L’album s’ouvre sur un premier titre en forme d’introduction, « Contrition », lent fade in construit sur la complainte du prêtre qui prend conscience de ses doutes « Forgive me, my Father, for i am a sinner. Unanswered, abandoned ». Un leitmotiv que l’on retrouvera tout au long de l’album tant au niveau vocal que musical. Ces mots seront aussi les derniers prononcés sur l’album qui forme donc une boucle inextinguible symbolisant la condition et le doute permanent de notre protagoniste. Oui, je spoile, tout ça ne se termine pas très bien, la rédemption n’est pas là et les doutes persistent encore et encore. Puis surtout ce disque permet de comprendre certains aspects des lyrics de « Travels » (au sein duquel on retrouve notre personnage, vous suivez ?). « Unanswered » sonne comme du Modern Life Is War, un hardcore charbonneux, urgent mais toujours empreint de cette indéfectible mélancolie qui colle aux basques des bostoniens. Un titre typique de DEFEATER qui montre que les quelques envolées metalcore du précédent disque ont disparu pour laisser toute la place au hardcore moderne et mélancolique qui fait la patte du groupe. Depuis Ruiner, aucun groupe ne le pratique mieux qu’eux. D’ailleurs ce disque est certainement leur plus désenchanté, celui sur laquelle la touche émo, voire screamo est la plus prégnante.

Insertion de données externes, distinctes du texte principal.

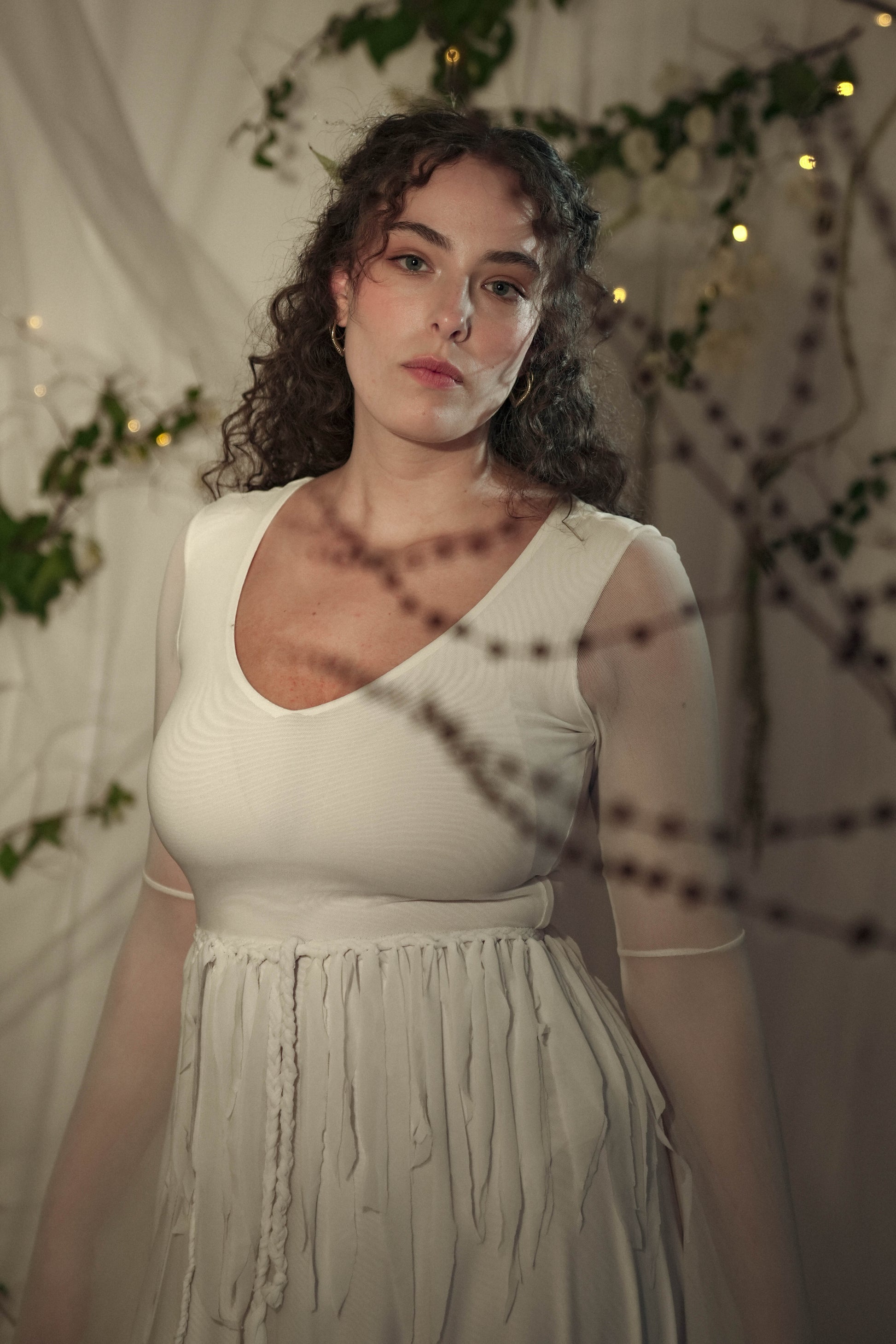 השמלה מיוצרת מבד שיפון לייקרה אלסטי ורך על הגוף

Le chant de Derek Archambault, grand ordonnateur du groupe, évolue et sonne plus habité que jamais. Il reste dans ce timbre rocailleux et arraché propre au hardcore moderne mais se permet aussi quelques petites variations. On trouve du chant clair via la participation de James Carrol de Make Do and Mend sur « Borrowed and Blue » qui amène une petite variation à l’ensemble et permet à ce titre, construit sur une série d’arpèges et un pattern de batterie répétitif, presque hypnotique, de se démarquer encore plus, d’apporter un peu de lumière dans la grisaille toute bostonienne de « Abandoned ». Tout au long des trente-trois minutes on reste scotché par l’atmosphère du disque, sa pertinence, sa cohérence et sa manière de conter une histoire unique mais qui trouve sa place dans l’univers créé par le groupe.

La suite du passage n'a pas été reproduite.